BRIEF: Only text lines belong in the answer: the lines from the first one in the records through the line with "Resilience and Well-being", copied exactly.

DATA UNDER STUDY:
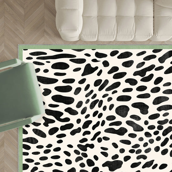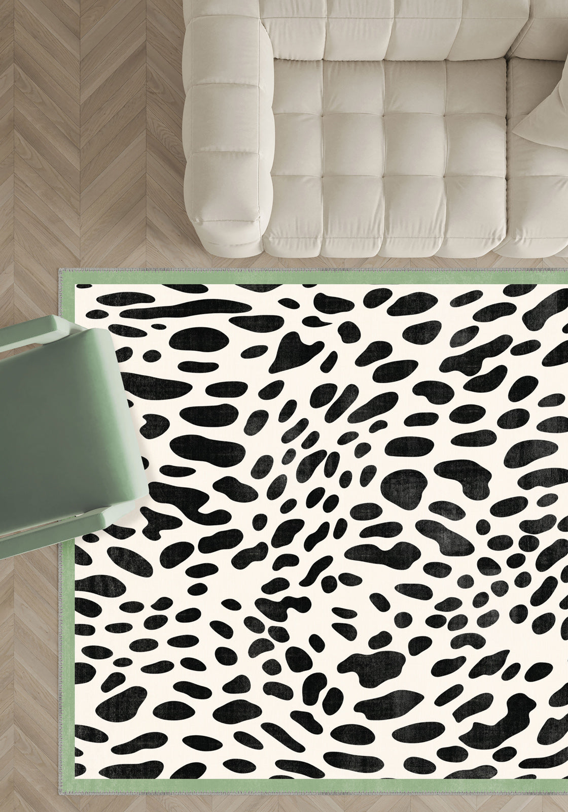 The Dalmatian Green Bordered Animal Print Rug brings the iconic Dalmatian-inspired black and white print into a new realm with its fresh green border. This rug blends bold design with a nature-inspired accent, perfect for adding a touch of playfulness to any room while keeping the aesthetic modern and stylish.
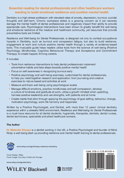 Resilience and Well-being for Dental Professionals, is designed not only to combat occupational hazards in Dentistry, such as burnout and compassion fatigue, but also to build resilience, engagement at work and nurture positive mental health through a variety of evidence-based tools. This invaluable guide helps readers utilise tools from the science of well-being (Positive Psychology, Mindfulness, Cognitive Behavioural Therapy and Acceptance and Commitment Therapy), to create happier, thriving careers.
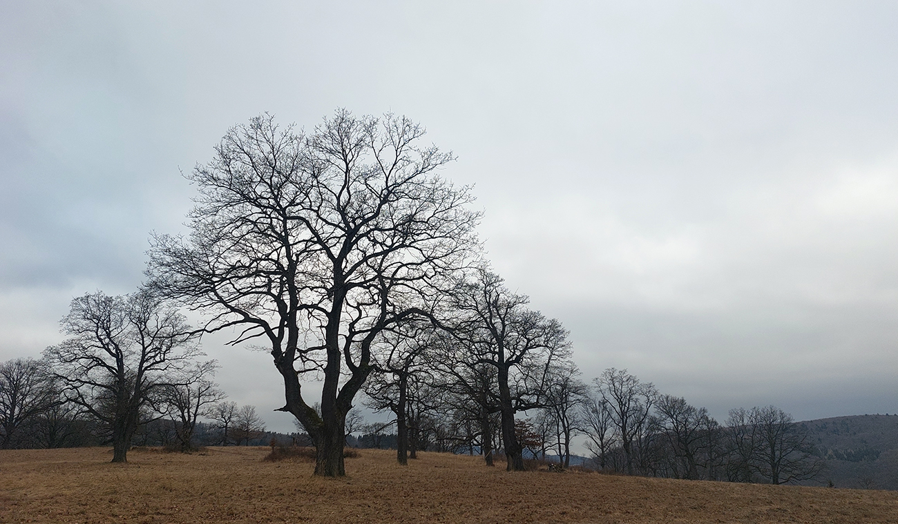 Začiatok stúpania od motorestu smerom na Rejchard (zelená značka): odparkované LKT a v potoku naťahané kmene neveštili nič dobré. Našťastie to bol len kúsok. Potom strmá, rozbitá cesta, pod vrcholom zarastajúce pasienky s krásnymi, starými, solitérnymi dubmi. Skoro ako Gavurky, len zanedbanejšie. Hore na temene krajšie, čistejšie lúky. Výhľady na východ ku Poľane a cez Pliešovskú kotlinu k Javoriu.
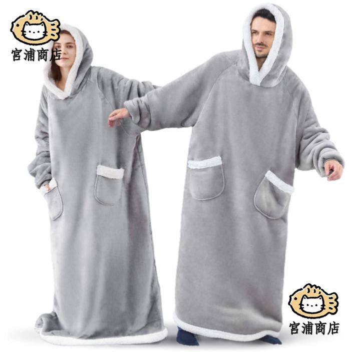 爆買 着る毛布 ルームウェア メンズ レディース ロング 暖かい モコモコ おしゃれ ガウン 秋冬 パジャマ バスローブ ブランケット 部屋着 寝具 あったか 長袖 ジップジップ パーカー フード付き 寒さ対策 ボア
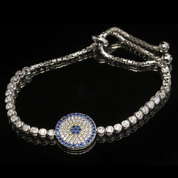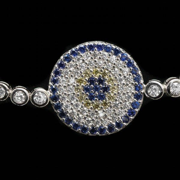 A sterling silver adjustable lariat bracelet featuring a cubic zirconia encrusted round circle and center sapphire bracelet. Marked 925. This item is accompanied with a certificate of authenticity and appraisal.
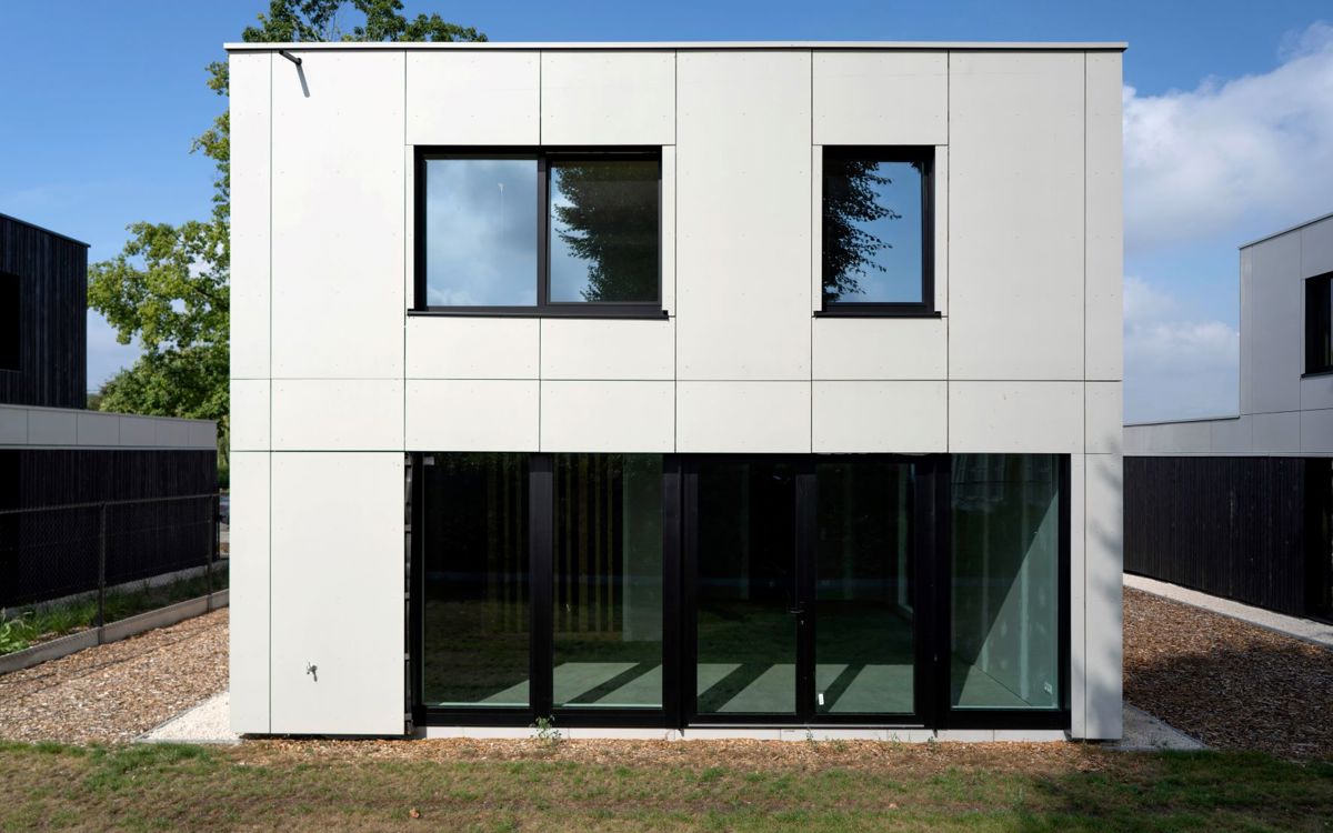 Trois matériaux principaux ont été utilisés pour les maisons : l'ossature bois avec les poteaux et les poutres, les CircuWallPanels et les panneaux de façade EQUITONE. « Nous avons rapidement décidé d'utiliser des panneaux légers pour les façades et le choix pour EQUITONE était donc évident. Pratiques et durables, ces panneaux de façade s'inscrivent en outre parfaitement dans ce concept circulaire grâce à leur application vissée, », explique Bart Janssens.

ANSWER TO THIS EXERCISE:
 The Dalmatian Green Bordered Animal Print Rug brings the iconic Dalmatian-inspired black and white print into a new realm with its fresh green border. This rug blends bold design with a nature-inspired accent, perfect for adding a touch of playfulness to any room while keeping the aesthetic modern and stylish.
 Resilience and Well-being for Dental Professionals, is designed not only to combat occupational hazards in Dentistry, such as burnout and compassion fatigue, but also to build resilience, engagement at work and nurture positive mental health through a variety of evidence-based tools. This invaluable guide helps readers utilise tools from the science of well-being (Positive Psychology, Mindfulness, Cognitive Behavioural Therapy and Acceptance and Commitment Therapy), to create happier, thriving careers.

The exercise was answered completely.